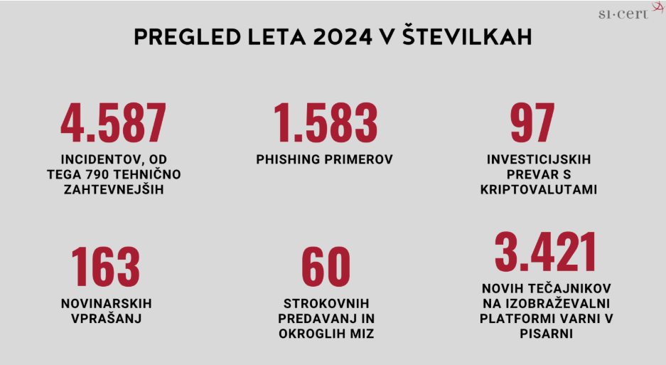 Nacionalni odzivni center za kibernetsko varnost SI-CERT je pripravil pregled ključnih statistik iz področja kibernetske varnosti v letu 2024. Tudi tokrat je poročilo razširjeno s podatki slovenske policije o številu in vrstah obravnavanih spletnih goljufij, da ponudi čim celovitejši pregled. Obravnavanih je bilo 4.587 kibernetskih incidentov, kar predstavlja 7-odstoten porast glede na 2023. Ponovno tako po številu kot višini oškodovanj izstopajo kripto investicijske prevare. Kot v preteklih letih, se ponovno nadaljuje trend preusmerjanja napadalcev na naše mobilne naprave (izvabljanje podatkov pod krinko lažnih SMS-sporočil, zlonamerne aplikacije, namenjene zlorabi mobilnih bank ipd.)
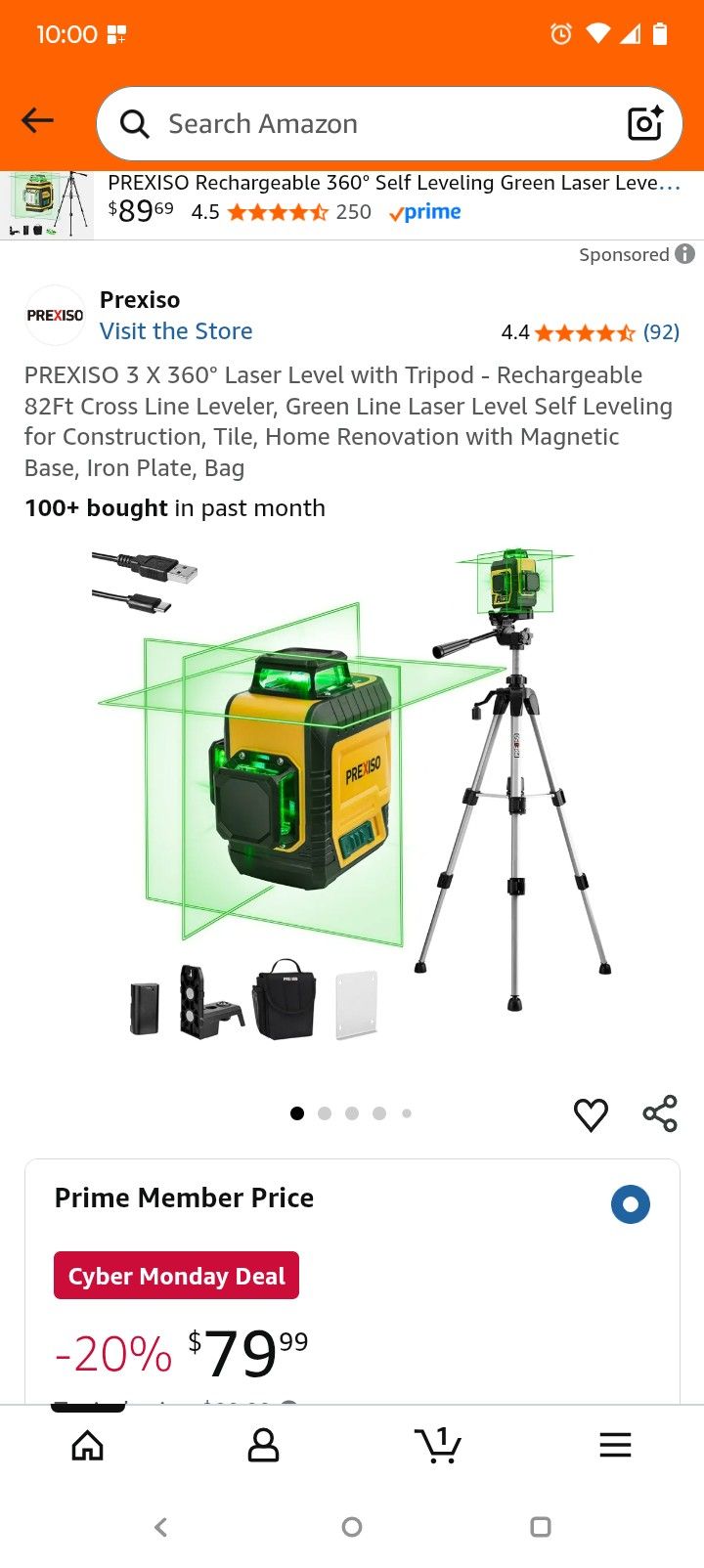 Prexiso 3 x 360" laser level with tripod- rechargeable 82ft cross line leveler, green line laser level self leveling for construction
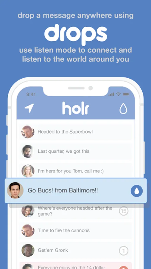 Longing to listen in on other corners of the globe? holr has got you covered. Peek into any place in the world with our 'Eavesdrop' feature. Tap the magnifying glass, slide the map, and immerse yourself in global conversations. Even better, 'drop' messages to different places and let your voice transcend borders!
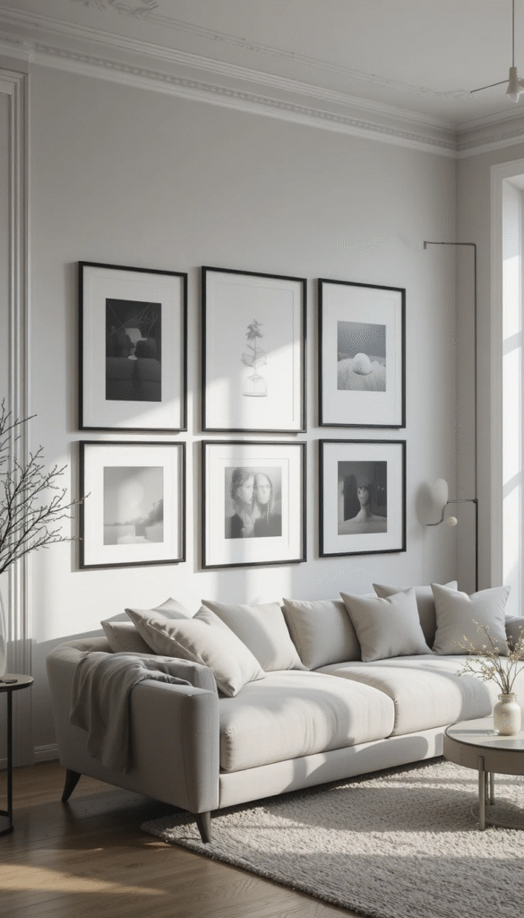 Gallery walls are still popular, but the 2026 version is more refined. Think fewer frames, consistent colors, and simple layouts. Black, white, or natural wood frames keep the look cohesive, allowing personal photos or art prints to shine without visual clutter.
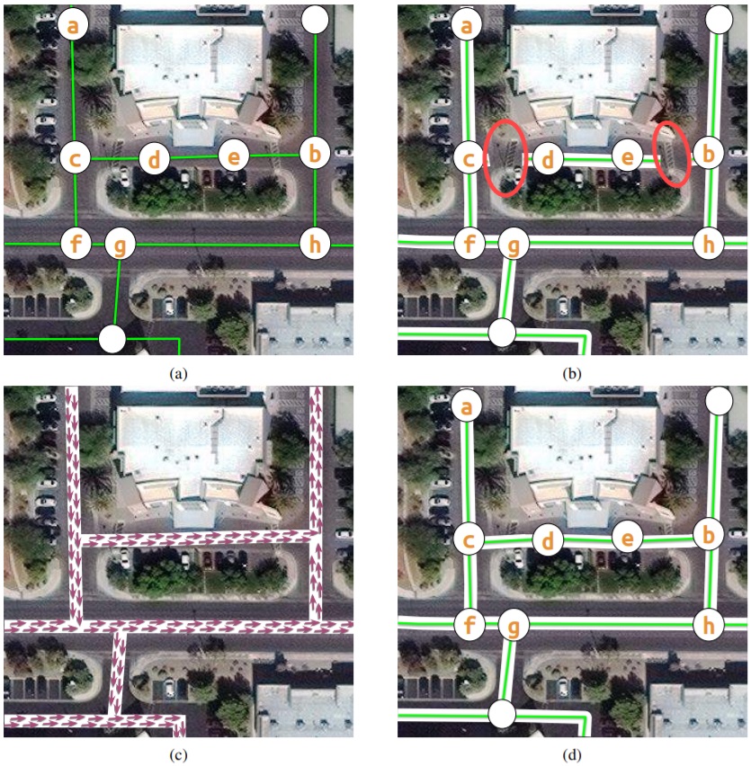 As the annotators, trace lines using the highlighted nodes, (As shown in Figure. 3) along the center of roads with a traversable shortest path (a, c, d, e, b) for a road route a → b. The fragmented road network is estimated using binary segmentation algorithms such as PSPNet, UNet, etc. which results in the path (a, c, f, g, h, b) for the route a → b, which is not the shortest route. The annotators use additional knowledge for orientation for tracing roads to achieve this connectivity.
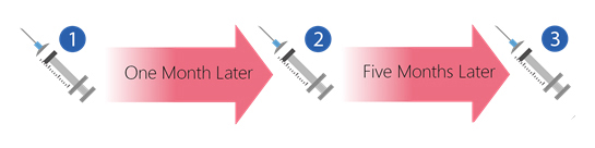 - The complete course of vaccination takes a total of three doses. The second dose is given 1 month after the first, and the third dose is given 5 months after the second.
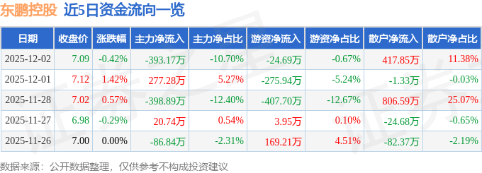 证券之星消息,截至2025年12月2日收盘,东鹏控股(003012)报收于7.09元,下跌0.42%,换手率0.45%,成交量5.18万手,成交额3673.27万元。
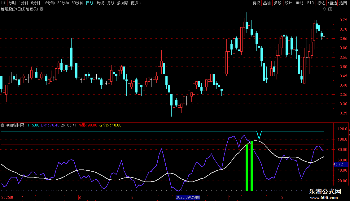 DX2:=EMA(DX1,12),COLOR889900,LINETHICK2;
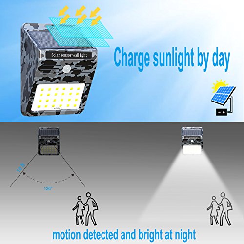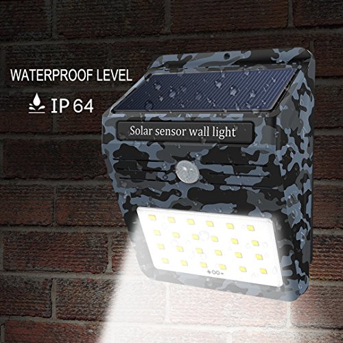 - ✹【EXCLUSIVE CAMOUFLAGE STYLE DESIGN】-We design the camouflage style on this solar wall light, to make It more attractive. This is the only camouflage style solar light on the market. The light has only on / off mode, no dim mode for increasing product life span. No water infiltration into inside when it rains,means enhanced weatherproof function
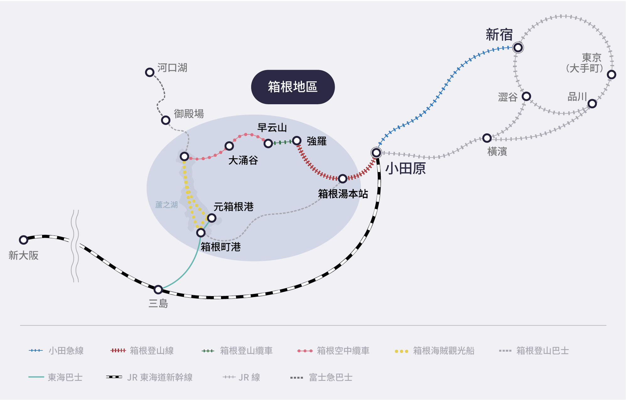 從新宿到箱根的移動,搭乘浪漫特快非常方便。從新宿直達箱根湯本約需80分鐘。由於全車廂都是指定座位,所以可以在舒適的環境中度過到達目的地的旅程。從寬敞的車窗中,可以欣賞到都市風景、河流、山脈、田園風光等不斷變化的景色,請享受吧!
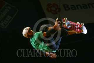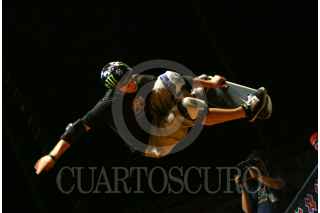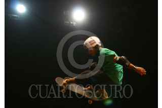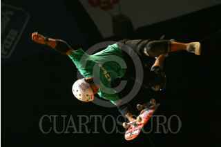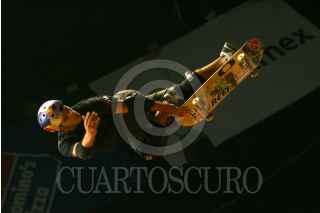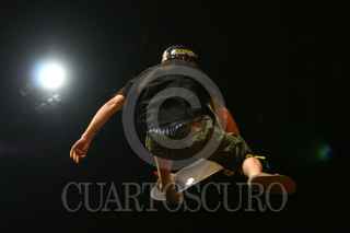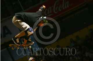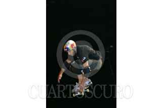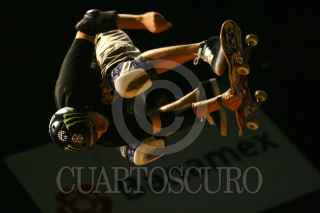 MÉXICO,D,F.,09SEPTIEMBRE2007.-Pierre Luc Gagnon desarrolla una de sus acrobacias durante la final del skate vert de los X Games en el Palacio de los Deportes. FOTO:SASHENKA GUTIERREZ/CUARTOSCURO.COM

What the exercise asks
Where an image appears in the data, skip it, and return the rest verbatim.

Answer below
 Nacionalni odzivni center za kibernetsko varnost SI-CERT je pripravil pregled ključnih statistik iz področja kibernetske varnosti v letu 2024. Tudi tokrat je poročilo razširjeno s podatki slovenske policije o številu in vrstah obravnavanih spletnih goljufij, da ponudi čim celovitejši pregled. Obravnavanih je bilo 4.587 kibernetskih incidentov, kar predstavlja 7-odstoten porast glede na 2023. Ponovno tako po številu kot višini oškodovanj izstopajo kripto investicijske prevare. Kot v preteklih letih, se ponovno nadaljuje trend preusmerjanja napadalcev na naše mobilne naprave (izvabljanje podatkov pod krinko lažnih SMS-sporočil, zlonamerne aplikacije, namenjene zlorabi mobilnih bank ipd.)
 Prexiso 3 x 360" laser level with tripod- rechargeable 82ft cross line leveler, green line laser level self leveling for construction
 Longing to listen in on other corners of the globe? holr has got you covered. Peek into any place in the world with our 'Eavesdrop' feature. Tap the magnifying glass, slide the map, and immerse yourself in global conversations. Even better, 'drop' messages to different places and let your voice transcend borders!
 Gallery walls are still popular, but the 2026 version is more refined. Think fewer frames, consistent colors, and simple layouts. Black, white, or natural wood frames keep the look cohesive, allowing personal photos or art prints to shine without visual clutter.
 As the annotators, trace lines using the highlighted nodes, (As shown in Figure. 3) along the center of roads with a traversable shortest path (a, c, d, e, b) for a road route a → b. The fragmented road network is estimated using binary segmentation algorithms such as PSPNet, UNet, etc. which results in the path (a, c, f, g, h, b) for the route a → b, which is not the shortest route. The annotators use additional knowledge for orientation for tracing roads to achieve this connectivity.
 - The complete course of vaccination takes a total of three doses. The second dose is given 1 month after the first, and the third dose is given 5 months after the second.
 证券之星消息,截至2025年12月2日收盘,东鹏控股(003012)报收于7.09元,下跌0.42%,换手率0.45%,成交量5.18万手,成交额3673.27万元。
 DX2:=EMA(DX1,12),COLOR889900,LINETHICK2;
 - ✹【EXCLUSIVE CAMOUFLAGE STYLE DESIGN】-We design the camouflage style on this solar wall light, to make It more attractive. This is the only camouflage style solar light on the market. The light has only on / off mode, no dim mode for increasing product life span. No water infiltration into inside when it rains,means enhanced weatherproof function
 從新宿到箱根的移動,搭乘浪漫特快非常方便。從新宿直達箱根湯本約需80分鐘。由於全車廂都是指定座位,所以可以在舒適的環境中度過到達目的地的旅程。從寬敞的車窗中,可以欣賞到都市風景、河流、山脈、田園風光等不斷變化的景色,請享受吧!
 MÉXICO,D,F.,09SEPTIEMBRE2007.-Pierre Luc Gagnon desarrolla una de sus acrobacias durante la final del skate vert de los X Games en el Palacio de los Deportes. FOTO:SASHENKA GUTIERREZ/CUARTOSCURO.COM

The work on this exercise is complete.